(Activity) Give again, exactly as written, the lines of the records below from the line with "Weight: 16 oz (454 g). Agency Approvals: CE." to the line with "View this bulletin". Both end lines count; pictures do not.

(Given records)

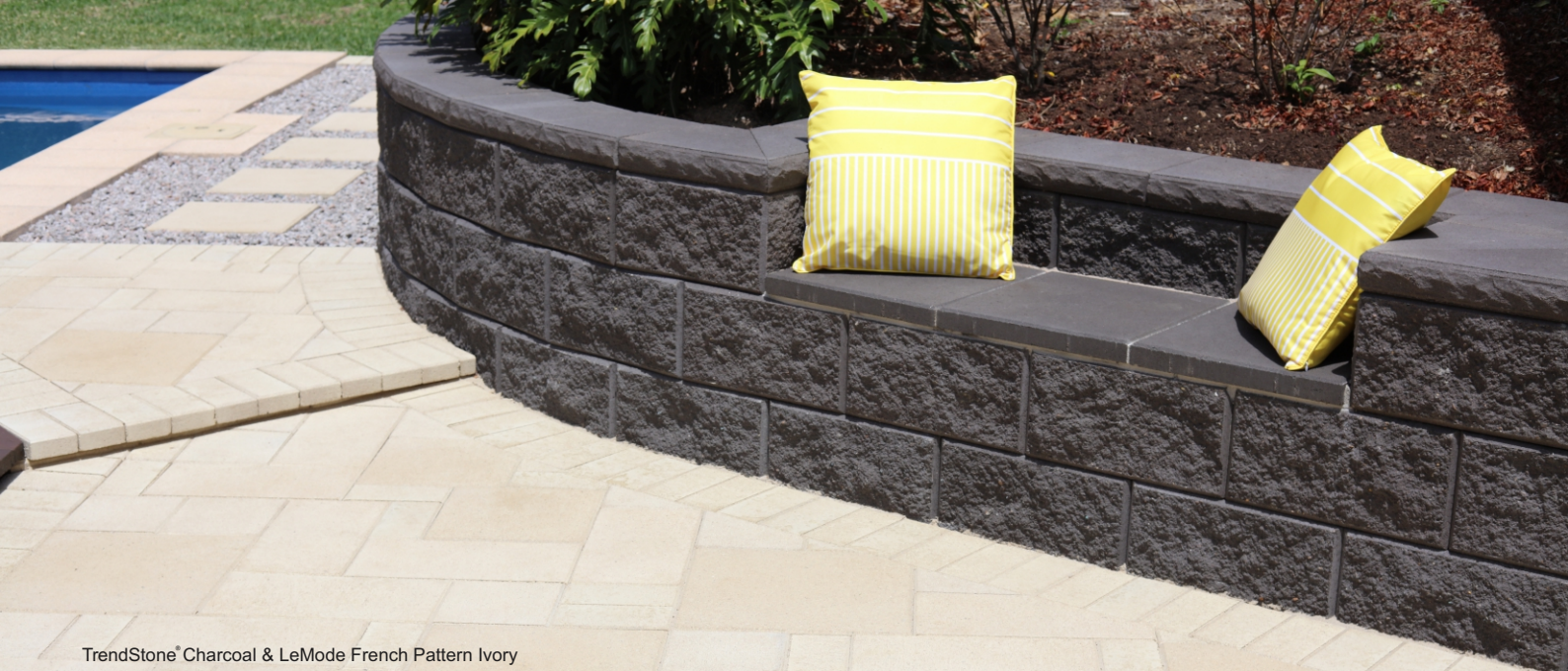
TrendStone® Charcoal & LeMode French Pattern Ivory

--

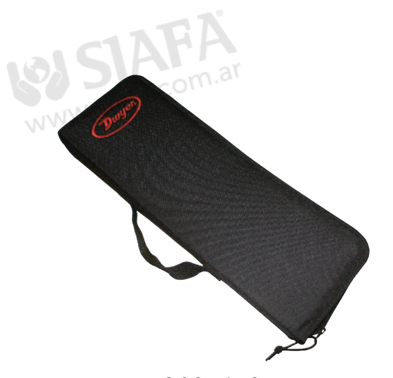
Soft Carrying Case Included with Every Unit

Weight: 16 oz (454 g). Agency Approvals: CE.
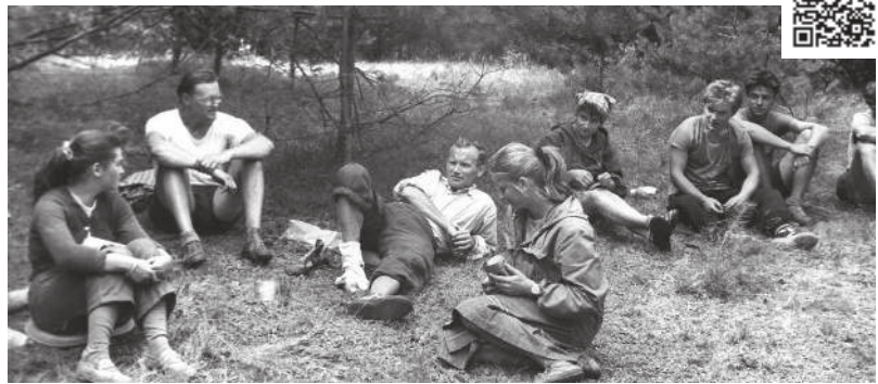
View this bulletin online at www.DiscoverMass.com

(Task result)
Weight: 16 oz (454 g). Agency Approvals: CE.
View this bulletin online at www.DiscoverMass.com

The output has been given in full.